(Data to use Opens)

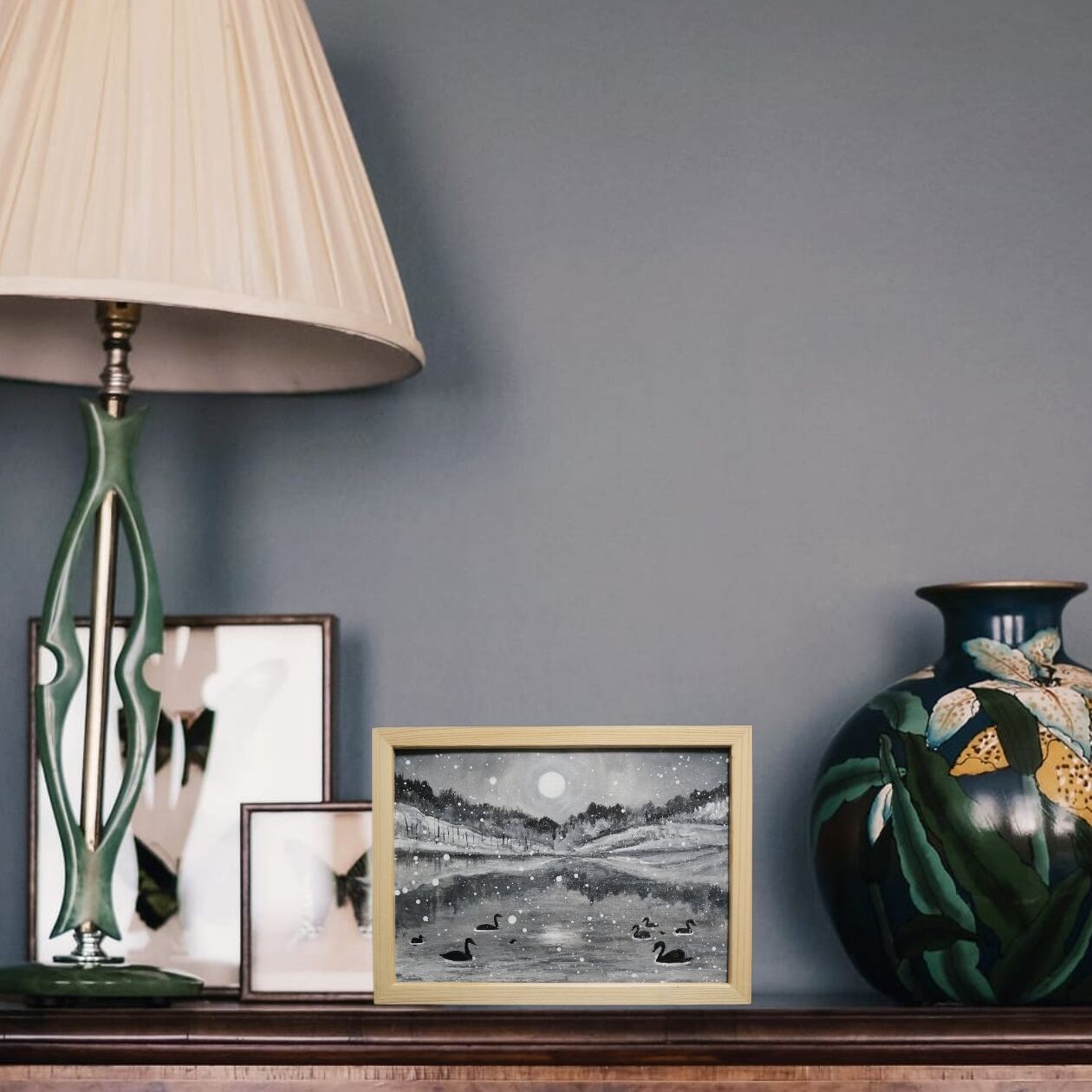 油絵 油彩 油彩画 絵画 【白黒風景のハクチョウ池】
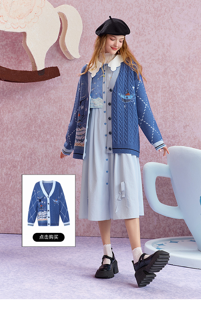 两三事梵高艺术灿烂与偏执秋复古开衫毛衣外套女慵懒风设计感小众
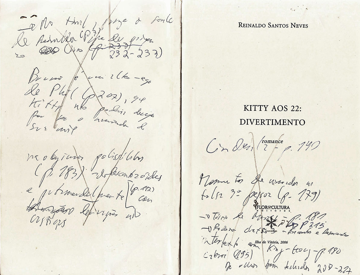 Kitty dormiu por mais de uma década: este ensaio foi escrito entre 2006 e 2017, em marginália, nas páginas do próprio livro, ou em pedaços de papel avulsos, com garranchos incompreensíveis em que eu insistia em ver ideogramas autoexpressivos, não um texto com início, meio e fim. Em homenagem aos 70 anos de Reinaldo, concluí o caso. Tirem suas conclusões por si mesmos, pois nem sempre o mordomo é o culpado, mesmo sendo anglo-capixaba seu senso de humor.
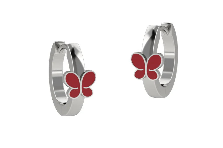 Coppia di orecchini a cerchio con una dolce farfalla smaltata in rosso
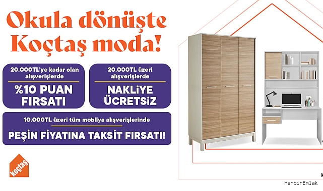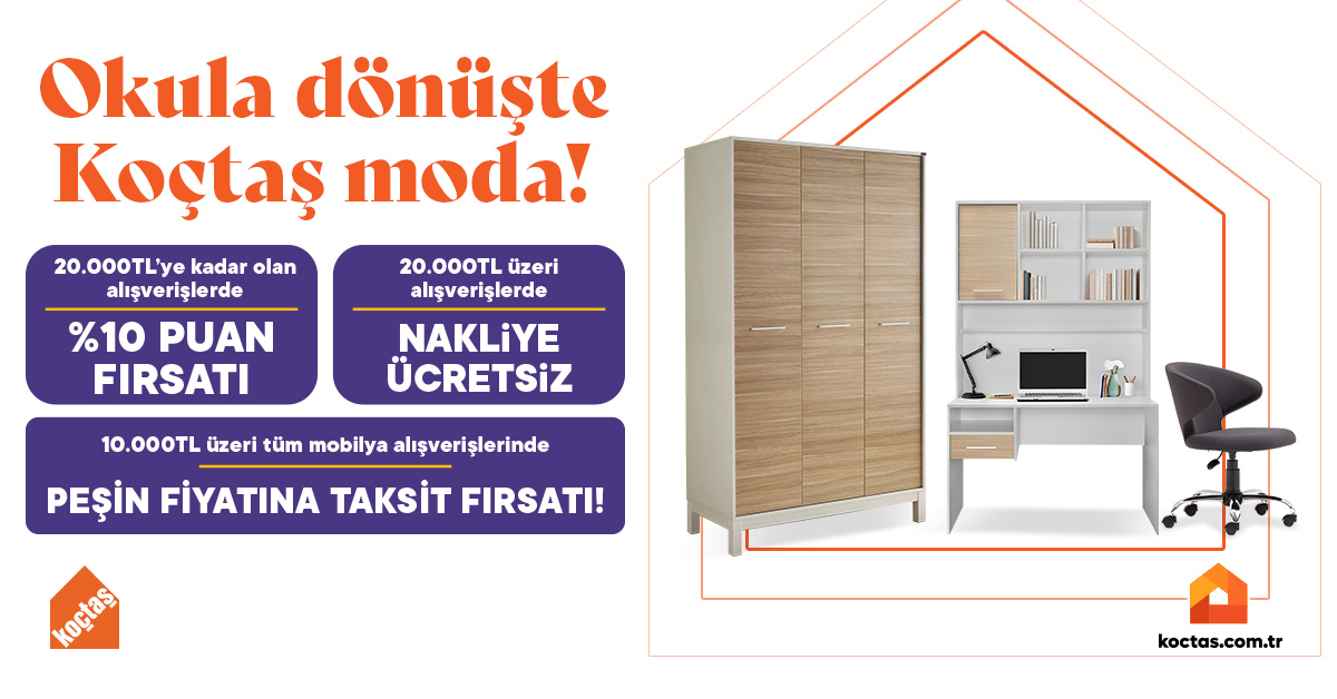 Koçtaş, bu yıl da öğrenciler için hazırladığı özel “Öğrenci Paketleri” ve kitaplıkla birlikte satışa sunulan çalışma masası setleriyle dikkat çekiyor. Ayrıca mobilya reyonunda 20.000 TL’ye kadar alışverişlerde %10 Koçtaş Puan/Kupon Kodu fırsatı, 20.000 TL üzeri alışverişlerde ücretsiz nakliye ve 10.000 TL üzeri tüm mobilya alışverişlerinde peşin fiyatına taksit imkânı sağlanıyor.
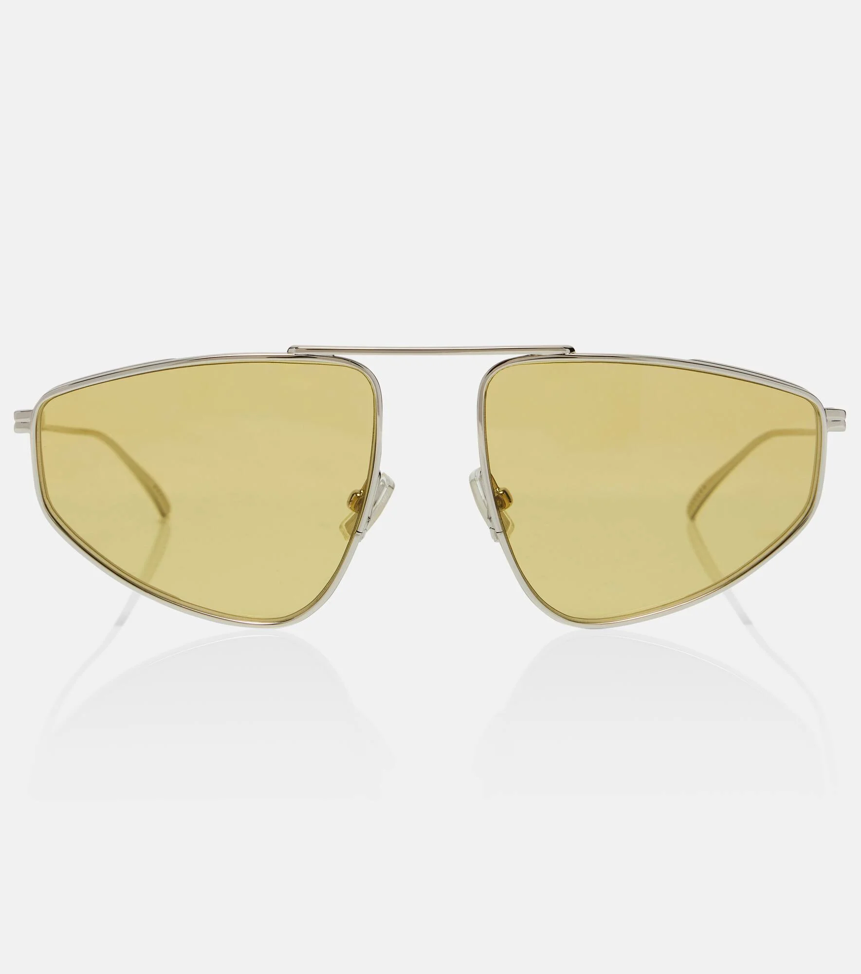 The Light Ribbon aviator sunglasses from Bottega Veneta showcase a streamlined aviator silhouette. The pair is crafted in Italy and features a sleek silver-tone metal frame paired with tinted yellow lenses. Product Details - Frame material: metal - Frame color: silver - Lens filter category 1 - Color: silver - Lens color: yellow - Made in Italy - Includes: case, cleaning cloth - The color of the case may vary - Item number: P01145573 Size & Fit - Lens width: 59mm-2.3" - Bridge size: 18mm-0.7" - Earpiece length: 140mm-5.5"
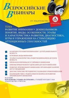 Вебинар «Развитие внимания у дошкольников: понятие, виды, особенности, этапы и характеристика развития, диагностика, игры и упражнения на стимуляцию аттенционных способностей»
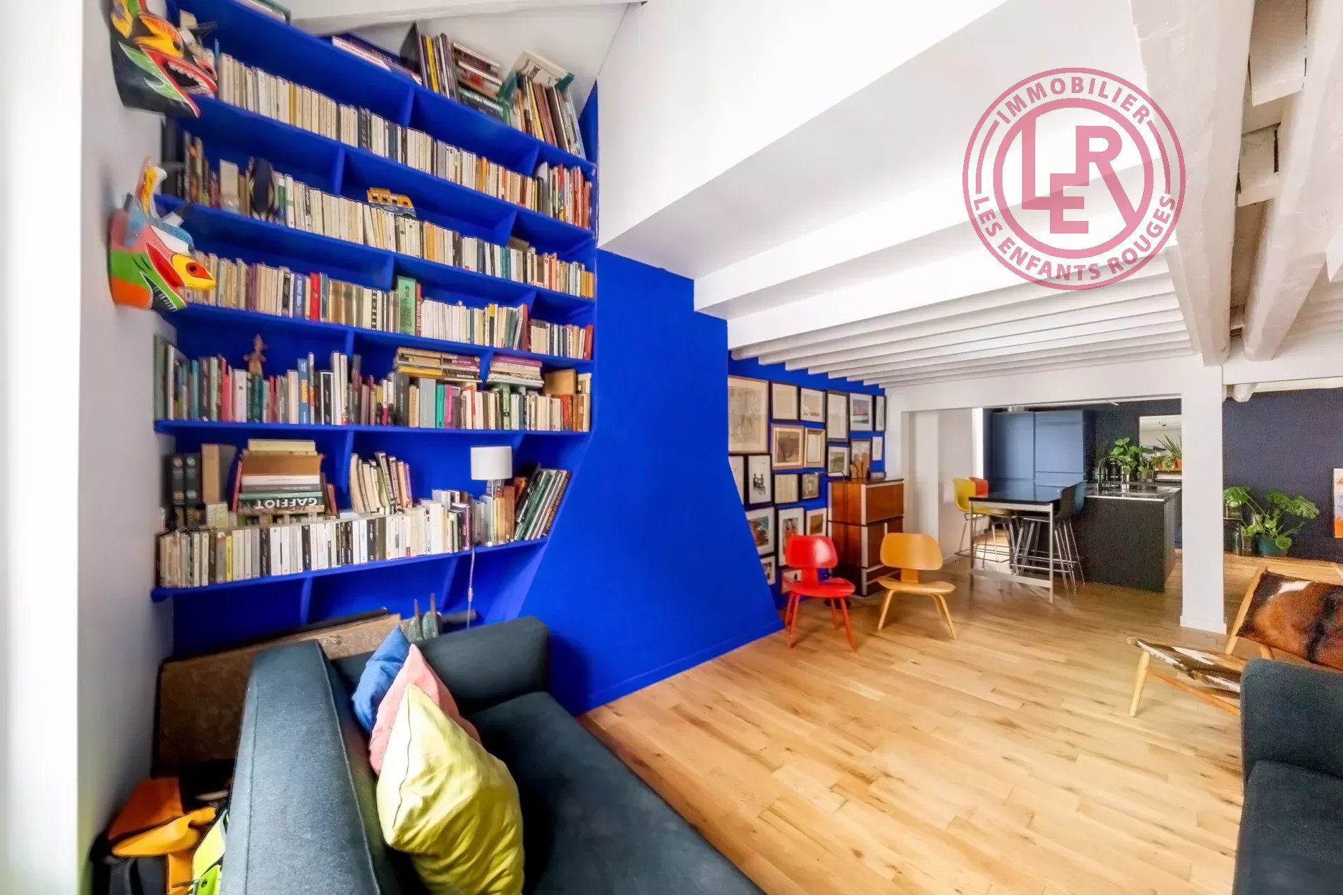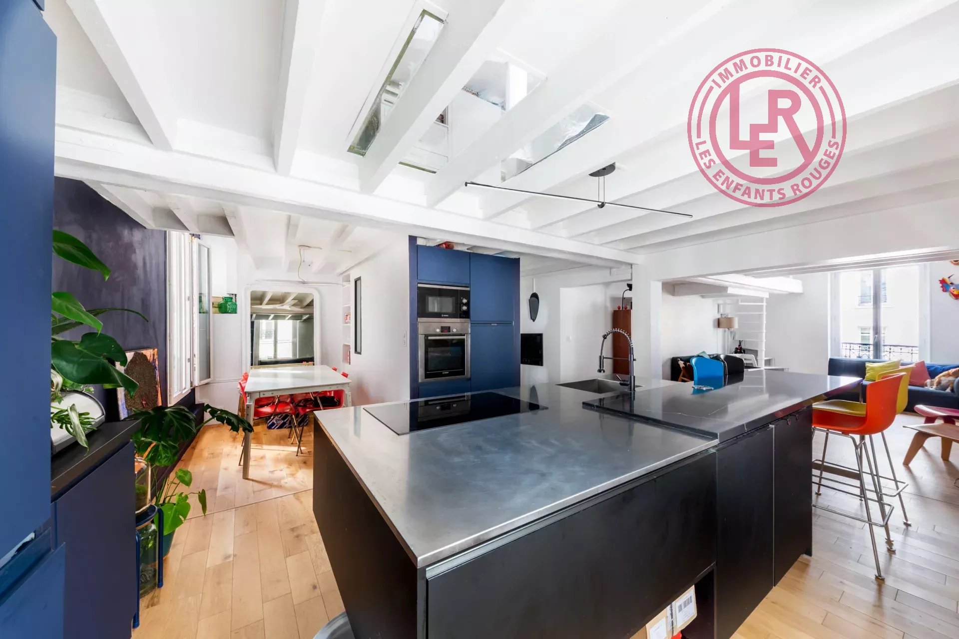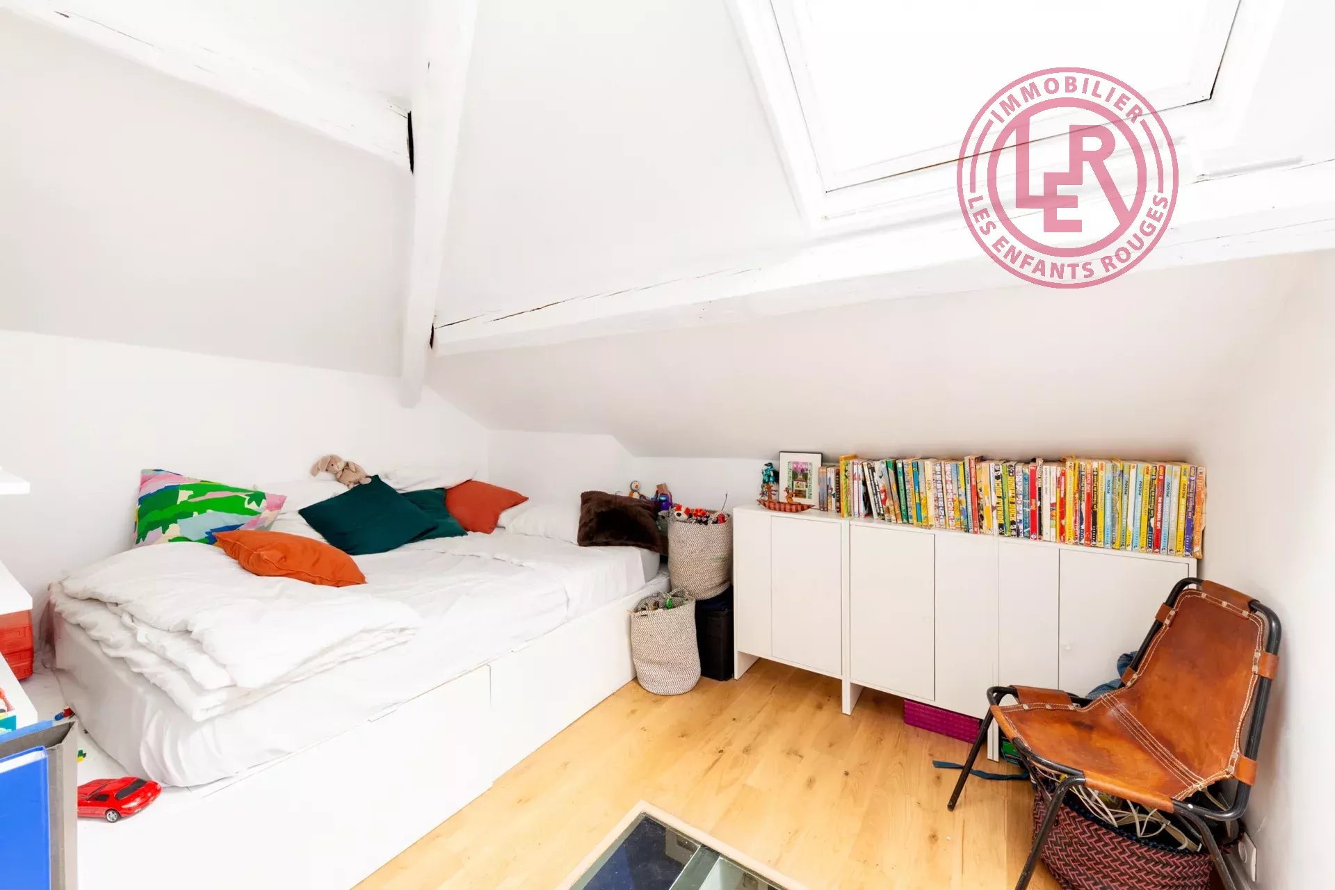 Il se compose, au premier niveau, d’une entrée desservant une salle de douche avec toilettes, d’un salon ouvert de 43m2 sur une cuisine équipée et aménagée avec îlot central, et d’une salle à manger, pouvant être aménagée en chambre. À l’étage, l’espace nuit est composé de deux chambres et d’une salle de bain avec toilettes. L’ensemble a été récemment rénové avec des matériaux de qualité. Un local à vélos est accessible dans la cour de l’immeuble.
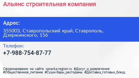 Альянс, строительная компания по адресу 355003, Ставропольский край, Ставрополь, Дзержинского, 156 в дальнейшем Организация, размещена в следующих категориях:
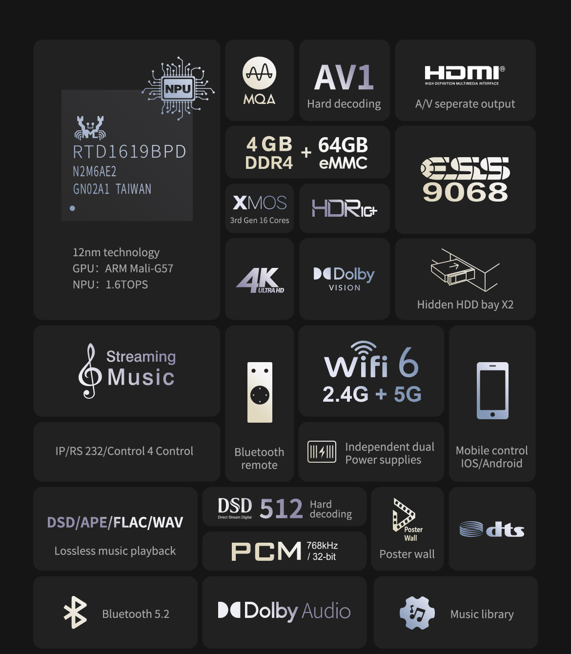 - Audio decoding: support HD audio passthrough and decode 2 channels Built-in for XMOS + ES9068 DAC, supporting for DSD/MQA decoding
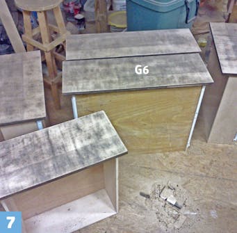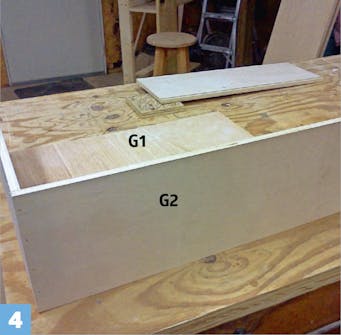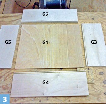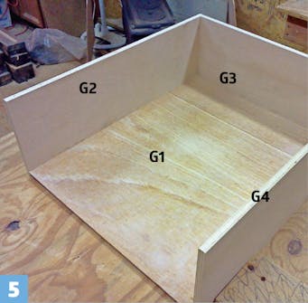 Sahaa laatikon sivuihin (G2, G3 ja G4) 6 milliä leveät urat 10 milliä alareunasta. Voit sahata levyt kahdessa erässä terällä, jonka paksuus on 3 milliä.
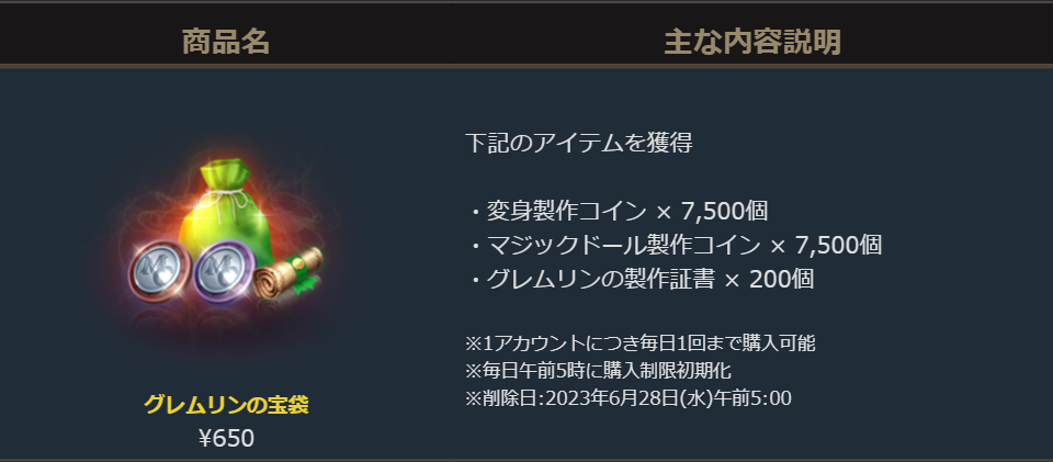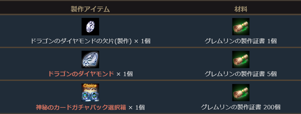 「変身製作コイン」「マジックドール製作コイン」と一緒に「ドラゴンのダイヤモンド」か「ドラゴンのダイヤモンドの欠片(製作)」や新たに「神秘のカードガチャパック選択箱」の製作材料となる「グレムリンの製作証書」が手に入る、毎日購入可能なお得なパッケージです。
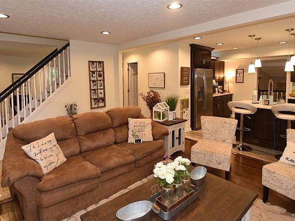 Traditional charm with today's standards! This delightful home comes move-in ready with modern touches, hardwood floors, neutral colors, and classic style to create a clean and inviting atmosphere throughout. Rich hardwoods greet you at the front door, leading you into the spacious formal dining room and living room. The kitchen showcases stainless steel appliances, a center island, stainless steel backsplash, solid wood cabinetry, and wood-look tile flooring. Off the kitchen is a flex space with garage access, great for a family room, play area, or office. The master suite addition is truly stunning with a cathedral ceiling, a walk-in closet with built-ins, sliders leading outside to a private patio, as well as a master bathroom with double vanities and a marble walk-in double shower. A full bathroom with more gorgeous finishes completes the first floor. Two bedrooms with hardwood floors and a full bathroom can be found upstairs. The lower level offers a laundry closet, a recreation room featuring a bar and a granite countertop, and an unfinished area with plenty of space for storage. Beautifully situated on nearly 2 acres, this home is close to everything Chagrin Falls has to offer including restaurants, shopping, and access to Chagrin Falls schools!

(Data to use Closes)

**What you need to do**: Restate each line of the records exactly; pictures do not belong in the copy.

**Answer area**:
 油絵 油彩 油彩画 絵画 【白黒風景のハクチョウ池】
 两三事梵高艺术灿烂与偏执秋复古开衫毛衣外套女慵懒风设计感小众
 Kitty dormiu por mais de uma década: este ensaio foi escrito entre 2006 e 2017, em marginália, nas páginas do próprio livro, ou em pedaços de papel avulsos, com garranchos incompreensíveis em que eu insistia em ver ideogramas autoexpressivos, não um texto com início, meio e fim. Em homenagem aos 70 anos de Reinaldo, concluí o caso. Tirem suas conclusões por si mesmos, pois nem sempre o mordomo é o culpado, mesmo sendo anglo-capixaba seu senso de humor.
 Coppia di orecchini a cerchio con una dolce farfalla smaltata in rosso
 Koçtaş, bu yıl da öğrenciler için hazırladığı özel “Öğrenci Paketleri” ve kitaplıkla birlikte satışa sunulan çalışma masası setleriyle dikkat çekiyor. Ayrıca mobilya reyonunda 20.000 TL’ye kadar alışverişlerde %10 Koçtaş Puan/Kupon Kodu fırsatı, 20.000 TL üzeri alışverişlerde ücretsiz nakliye ve 10.000 TL üzeri tüm mobilya alışverişlerinde peşin fiyatına taksit imkânı sağlanıyor.
 The Light Ribbon aviator sunglasses from Bottega Veneta showcase a streamlined aviator silhouette. The pair is crafted in Italy and features a sleek silver-tone metal frame paired with tinted yellow lenses. Product Details - Frame material: metal - Frame color: silver - Lens filter category 1 - Color: silver - Lens color: yellow - Made in Italy - Includes: case, cleaning cloth - The color of the case may vary - Item number: P01145573 Size & Fit - Lens width: 59mm-2.3" - Bridge size: 18mm-0.7" - Earpiece length: 140mm-5.5"
 Вебинар «Развитие внимания у дошкольников: понятие, виды, особенности, этапы и характеристика развития, диагностика, игры и упражнения на стимуляцию аттенционных способностей»
 Il se compose, au premier niveau, d’une entrée desservant une salle de douche avec toilettes, d’un salon ouvert de 43m2 sur une cuisine équipée et aménagée avec îlot central, et d’une salle à manger, pouvant être aménagée en chambre. À l’étage, l’espace nuit est composé de deux chambres et d’une salle de bain avec toilettes. L’ensemble a été récemment rénové avec des matériaux de qualité. Un local à vélos est accessible dans la cour de l’immeuble.
 Альянс, строительная компания по адресу 355003, Ставропольский край, Ставрополь, Дзержинского, 156 в дальнейшем Организация, размещена в следующих категориях:
 - Audio decoding: support HD audio passthrough and decode 2 channels Built-in for XMOS + ES9068 DAC, supporting for DSD/MQA decoding
 Sahaa laatikon sivuihin (G2, G3 ja G4) 6 milliä leveät urat 10 milliä alareunasta. Voit sahata levyt kahdessa erässä terällä, jonka paksuus on 3 milliä.
 「変身製作コイン」「マジックドール製作コイン」と一緒に「ドラゴンのダイヤモンド」か「ドラゴンのダイヤモンドの欠片(製作)」や新たに「神秘のカードガチャパック選択箱」の製作材料となる「グレムリンの製作証書」が手に入る、毎日購入可能なお得なパッケージです。
 Traditional charm with today's standards! This delightful home comes move-in ready with modern touches, hardwood floors, neutral colors, and classic style to create a clean and inviting atmosphere throughout. Rich hardwoods greet you at the front door, leading you into the spacious formal dining room and living room. The kitchen showcases stainless steel appliances, a center island, stainless steel backsplash, solid wood cabinetry, and wood-look tile flooring. Off the kitchen is a flex space with garage access, great for a family room, play area, or office. The master suite addition is truly stunning with a cathedral ceiling, a walk-in closet with built-ins, sliders leading outside to a private patio, as well as a master bathroom with double vanities and a marble walk-in double shower. A full bathroom with more gorgeous finishes completes the first floor. Two bedrooms with hardwood floors and a full bathroom can be found upstairs. The lower level offers a laundry closet, a recreation room featuring a bar and a granite countertop, and an unfinished area with plenty of space for storage. Beautifully situated on nearly 2 acres, this home is close to everything Chagrin Falls has to offer including restaurants, shopping, and access to Chagrin Falls schools!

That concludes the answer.